The Commons voted solidly to reject those amendments, and the Motion now asks this House to accept that decision. In addition, the Commons Speaker has also ruled that these changes attract financial privilege. As noble Lords have not tabled amendments to the contrary, I will make the presumption that the House is now prepared to accept the changes, albeit with great reluctance, and will not defy convention.
I put it to noble Lords that as a House we have performed our duty. We have rigorously scrutinised the legislation to remove unintended consequences and sent back a number of concerns for the Commons to reconsider. Indeed, on the ESA work-related activity component and the universal credit limited capability for work element, we have twice asked the Commons to reflect on the measures and twice it has voted down proposed amendments with substantial majorities. I think that our duties are discharged, and there comes a point when we must accept the decision of the Commons on this financially privileged matter.
I am proud of the important work this House has done to improve and refine the Bill. I remind noble Lords of the important changes they have secured. We have put in place additional statutory protections around the publication of low-income data; we have secured exemptions from the benefit cap for recipients of carer’s allowance and guardian’s allowance; and, in the case of the limit on support through child tax credits and universal credit, we have secured exemptions for certain children being looked after by family-and-friends carers and adopted sibling groups. On the social rents measure, supported accommodation will now be excepted from the changes for one year, and across the Bill we have accepted—in full or in part—recommendations from the Delegated Powers and Regulatory Reform Committee.

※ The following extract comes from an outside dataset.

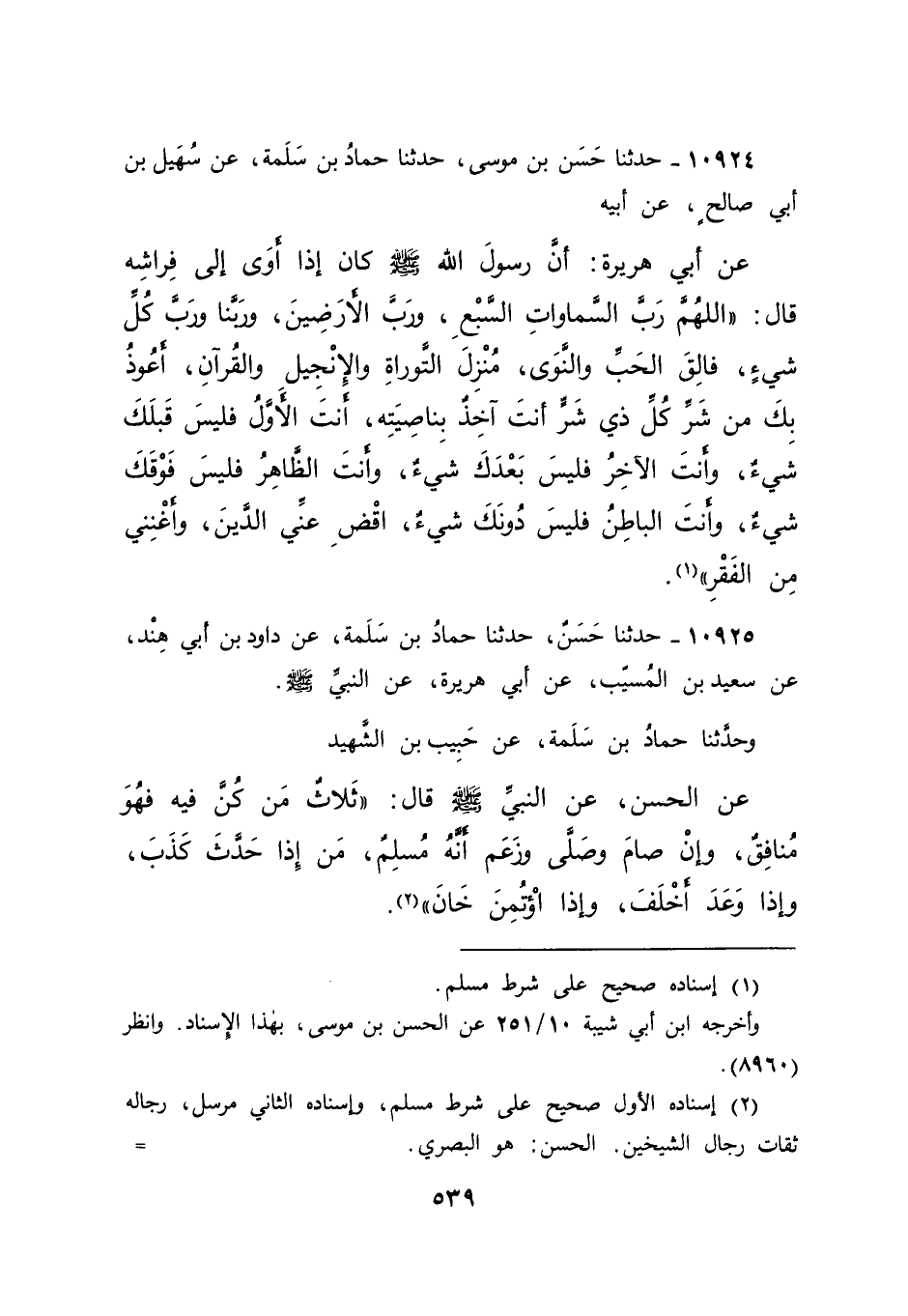 ١٠٩٢٤ - حَدَّثَنَا حَسَنُ بْنُ مُوسَى، حَدَّثَنَا حَمَّادُ بْنُ سَلَمَةَ، عَنْ سُهَيْلِ بْنِ أَبِي صَالِحٍ، عَنْ أَبِيهِ، عَنْ أَبِي هُرَيْرَةَ: أَنَّ رَسُولَ اللهِ صَلَّى اللهُ عَلَيْهِ وَسَلَّمَ كَانَ إِذَا أَوَى إِلَى فِرَاشِهِ قَالَ: " اللهُمَّ رَبَّ السَّمَاوَاتِ السَّبْعِ وَرَبَّ الْأَرَضِينَ، وَرَبَّنَا وَرَبَّ كُلِّ شَيْءٍ، فَالِقَ الْحَبِّ وَالنَّوَى، مُنْزِلَ التَّوْرَاةِ وَالْإِنْجِيلِ وَالْقُرْآنِ، أَعُوذُ بِكَ مِنْ شَرِّ كُلِّ ذِي شَرٍّ أَنْتَ آخِذٌ بِنَاصِيَتِهِ، أَنْتَ الْأَوَّلُ فَلَيْسَ قَبْلَكَ شَيْءٌ، وَأَنْتَ الْآخِرُ فَلَيْسَ بَعْدَكَ شَيْءٌ، وَأَنْتَ الظَّاهِرُ فَلَيْسَ فَوْقَكَ شَيْءٌ، وَأَنْتَ الْبَاطِنُ فَلَيْسَ دُونَكَ شَيْءٌ، اقْضِ عَنِّي الدَّيْنَ وَأَغْنِنِي مِنَ الْفَقْرِ " (١)

Speaking personally, I thank noble Lords for the precision and clarity with which they have made their arguments. It has made immeasurably easier my task of relaying the concerns back to my colleagues in the department and across government and getting an agreed response. The quality of scrutiny in this place amplifies the power of the arguments within government.
On this occasion, I will not expand on the measures at issue; we have had an extended opportunity to do so during the Bill’s passage. However, I remind the House of the improvements it has helped to secure: improved guidance for those with progressive conditions, £15 million for the flexible support fund, and removing the 52-week permitted work limit in ESA to reduce barriers to part-time work.

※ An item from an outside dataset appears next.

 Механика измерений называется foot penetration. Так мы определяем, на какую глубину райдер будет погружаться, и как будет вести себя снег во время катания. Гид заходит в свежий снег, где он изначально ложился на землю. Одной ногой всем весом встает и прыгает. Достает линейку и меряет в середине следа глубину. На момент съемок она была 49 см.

I am proud of the work this House does to scrutinise legislation and highlight unintended consequences—as it has in this case to improve these measures to help more sick and disabled people back into employment. It is, I believe, the right moment for the Lords to accept that it has done its job in communicating to the Commons areas of concern for it to reconsider. I am confident that noble Lords have done an excellent job in scrutinising the Bill, and I am grateful to colleagues throughout the House for a series of powerful and thoughtful speeches.
In the light of the convincing votes in the Commons and the application of financial privilege, I beg to move the Motion.
My Lords, I am deeply disappointed that we have got to where we are today with the Welfare Reform and Work Bill, but I thank the Minister for continuing to meet Members of your Lordships’ House. I and others spent a great deal of time last week working through every possibility of tabling another amendment to send this dreadful and punitive part of the Bill back to the other place. Unfortunately, because of parliamentary procedure, that was not possible. Placing financial privilege on these amendments means that the other place ultimately has its way, and it is entitled to do that—just as we were entitled and absolutely right to ask the Commons to think again.
As a Chamber appointed because of our expertise in areas such as this, we know and understand the impact this Bill will have, even if no formal impact assessment was carried out. I apologise to the people affected by this Bill that, at this point, we could not do any more. This may be the end of the legislative process, but it is the start of the negative impact the Bill will have on thousands of people’s lives. It may be seen as a victory in terms of voting numbers in another place, but we cannot forget that there are many disabled people who will lose out. That may be realised only when the letters come flooding in.